Chapter Six
JAKUB LEANS AGAINST the carbide lamp on the kitchen table, watching me closely as I clear the dishes. He knows I am up to something. The air is too thick and he’s too well trained a journalist not to sniff out a story. Normally, he helps with the dishes, but tonight he sits across from Aleksander in silent anger, making a steeple of his index fingers, digging under his chin. I feel his distrust burning a hole in my back.
“What is it, Kuba?” Aleksander is the only one who uses Jakub’s boyhood nickname and gets away with it.

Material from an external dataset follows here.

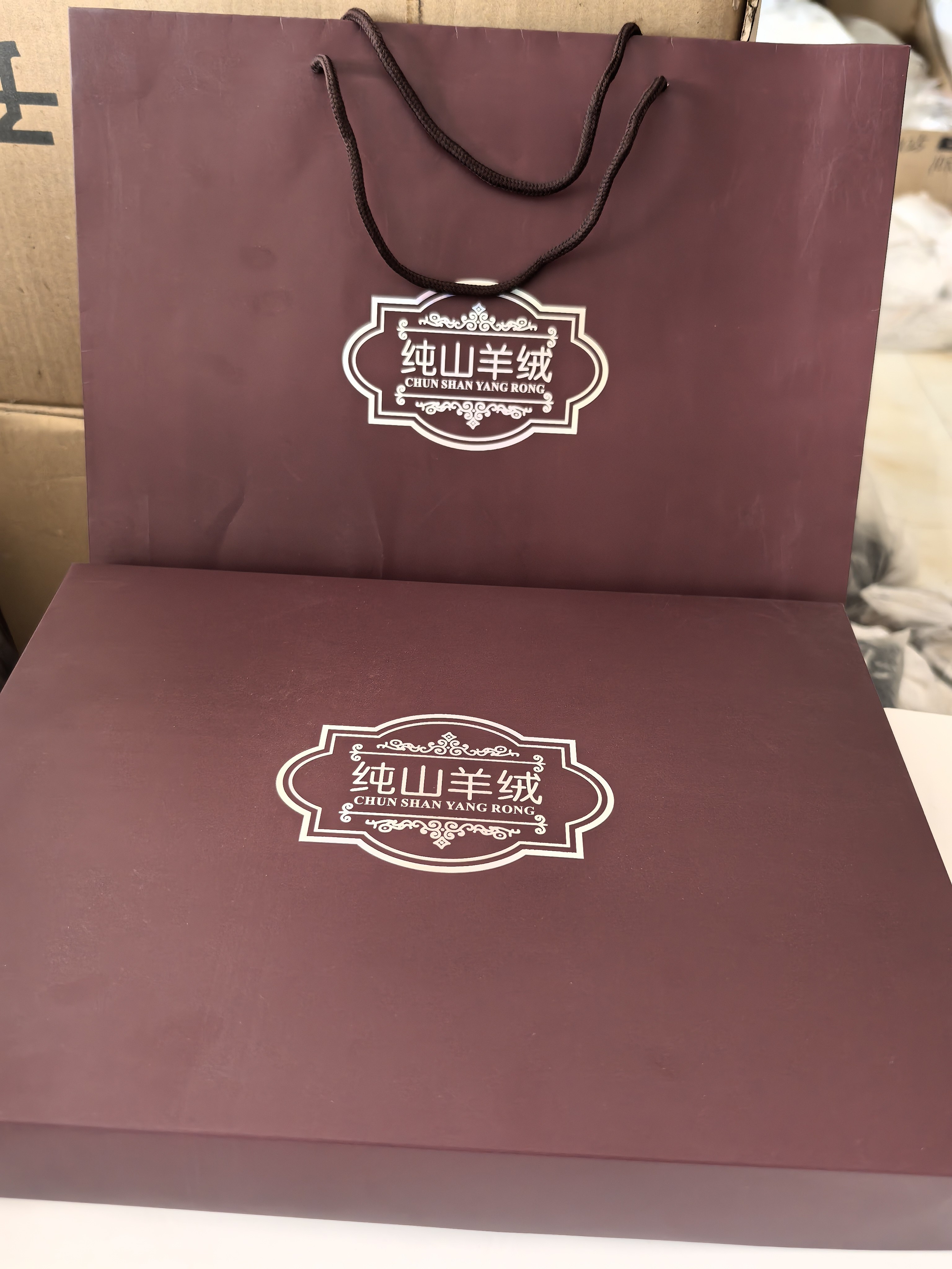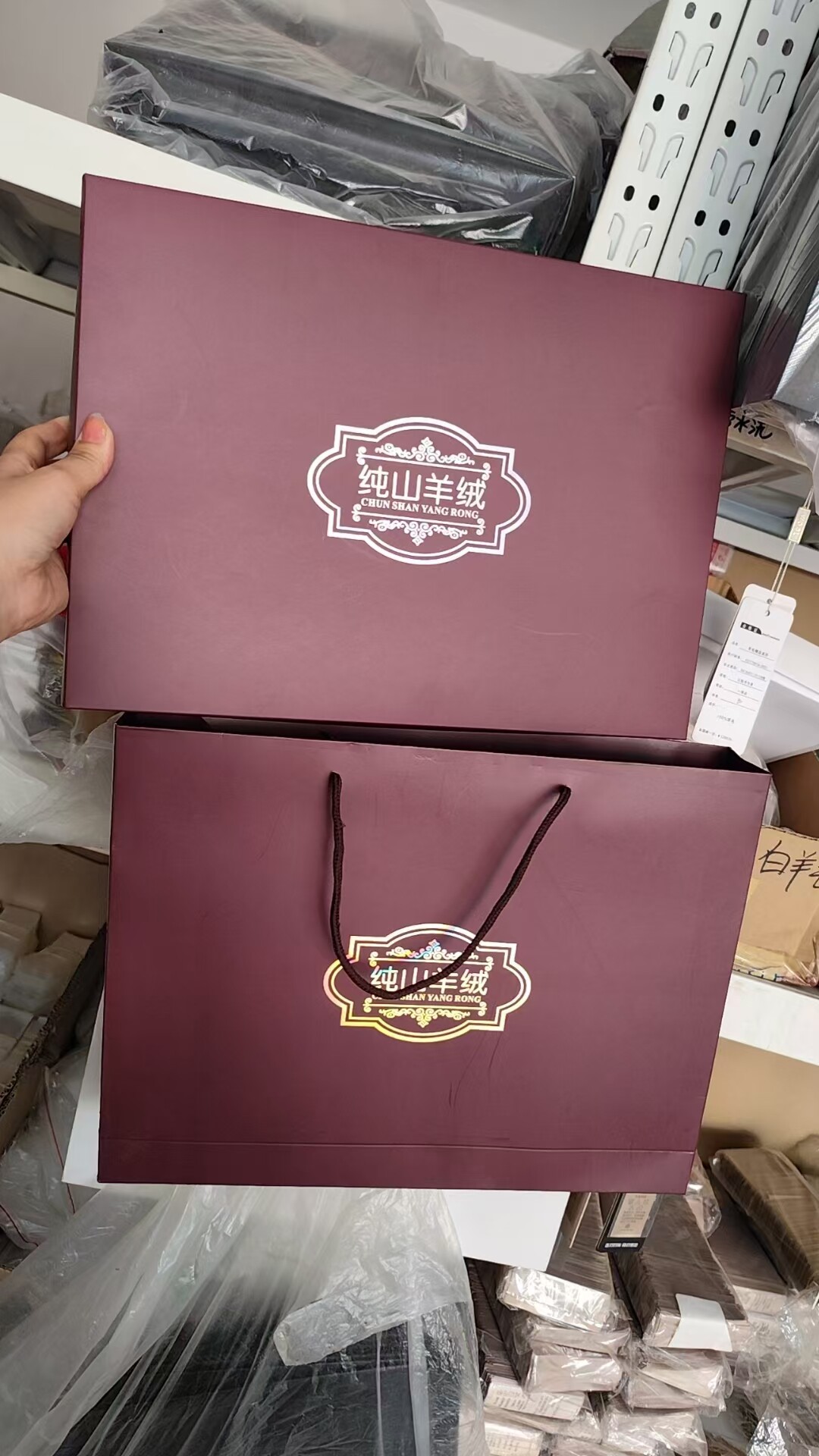 山羊绒礼品盒紫红色加厚高档羊绒衫礼盒,男款围巾披肩通用礼品盒
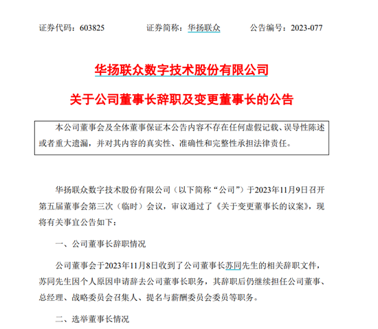 根据华扬联众同日公告,该公司董事会于11月8日收到了公司董事长苏同的相关辞职文件,苏同因个人原因申请辞去公司董事长职务,不过其辞职后,仍继续担任公司董事、总经理、战略委员会召集人、提名与薪酬委员会委员等职务。

From the corner of my eye, I see Jakub shaking his head. “The list.”
The fucking list.
I heave a heavy sigh as I stare at the rusty trickle of sink water. I can’t help it. The list is all we’ve talked about—argued about—for the past two days. The Nazi list of Jewish girls who will be plucked out of the ghetto for forced prostitution. Our Judenrat warlords were too cowardly to announce it or fight it. Instead, they ordered the decree printed on the front page of the Jewish Gazette, thinking it would absolve their own guilt, their part in throwing us all under the train. The Gazette, known as the bulletin of only bad news, is the ghetto’s sole means of mass communication. When it first started, the creators asked Jakub to be its editor, but he refused. Like everything else in my husband’s life, it all comes down to dignity. The Gazette is beneath him, a rag, not up to Jakub Blonski standards, no matter that it’s the only news source in town. But after the latest decree was issued, he couldn’t sleep. None of us could. And my role in it has pushed him over the edge.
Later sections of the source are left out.